Kagawa divided co-operatives into seven categories. The basis for this was “seven principles of economic values”, which he drew from the New Testament and designated as “Jesus’ own principles for the welfare state”:

  1. Insurance societies in accordance with the principle of the value of life
  2. Production co-operatives in accordance with the principle of the value of work (agricultural and factory production co-operatives)
  3. Marketing co-operatives in accordance with the principle of the value of exchange
  4. Credit unions in accordance with the principle of the value of growth
  5. Mutual benevolent societies in accordance with the principle of the value of choice (mutual assistance for education and unemployment)
  6. Supply chain co-operatives in accordance with the principle of legal values (utility supply co-operatives for electricity, gas, water, transport etc)
  7. Consumer co-operatives in accordance with the principle of the value of the objective.

Kagawa’s assumption was that the seven types of co-operative would only develop their ways of working when they had formulated their economic life as a whole and finalised everything to complement that. He recommended that churches should also support co-operatives in the framework of their own economic activity. Kagawa spoke of a “movement for the Kingdom of God”, in which both Catholics and Protestants would join forces – a view that from his point of view corresponded to the “International Missionary Council” (IMC). This had been developed by Protestant denominations in the years after 1910 and was integrated into the World Council of Churches (WCC) in 1961.

Plans for a co-operative state

Kagawa was actively involved in 1947 in the founding of the “World Federalist Movement”, which today has an advisory status with the Economic and Social Council of the United Nations. He chaired the Asia Conference of the World Federalists which took place in 1952 – only one post among many aimed at strengthening world federalism and working for peace. His activities were aimed at the foundation of a co-operatively organised state, in which the differences between rich and poor would be cancelled out. This would be established and governed according to Christian principles.
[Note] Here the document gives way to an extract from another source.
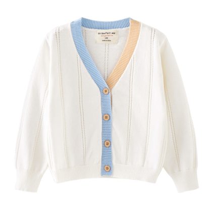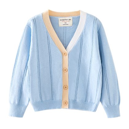 Spring Girls' Knitted Cardigan Jacket Korean Style Baby V-Neck Contrast Color Baby Hollow Sunscreen Air Conditioned Shirt Summer Thin

In all his activities Kagawa, especially after the experiences of the Second World War, had in mind the creation of a worldwide framework for peace. “If we leave economic activities as they are now, world peace will never be established”, writes Kagawa in a newspaper article. Religion also has to make its contribution, in which it calls upon its basic values. “Peace will only come when a consciousness of the reconciling love that is revealed on the cross, in conjunction with the brotherly relationships revealed in the co-operative movement, penetrates through into the international economy”. There then follows Kagawa’s urgent appeal to “turn the global economic system” into “a co-operative”. If this goal is achieved “we will be able to affirm that we have laid down the only solid foundation for the establishment of world peace”.

About the author

Toru Hijikata, born 1956 in Tokyo is professor of sociology at the Seigakuin University in Saitama, Japan. Recently published in Germany by him: “Positive law as a social phenomenon” (Duncker & Humblot, 2013).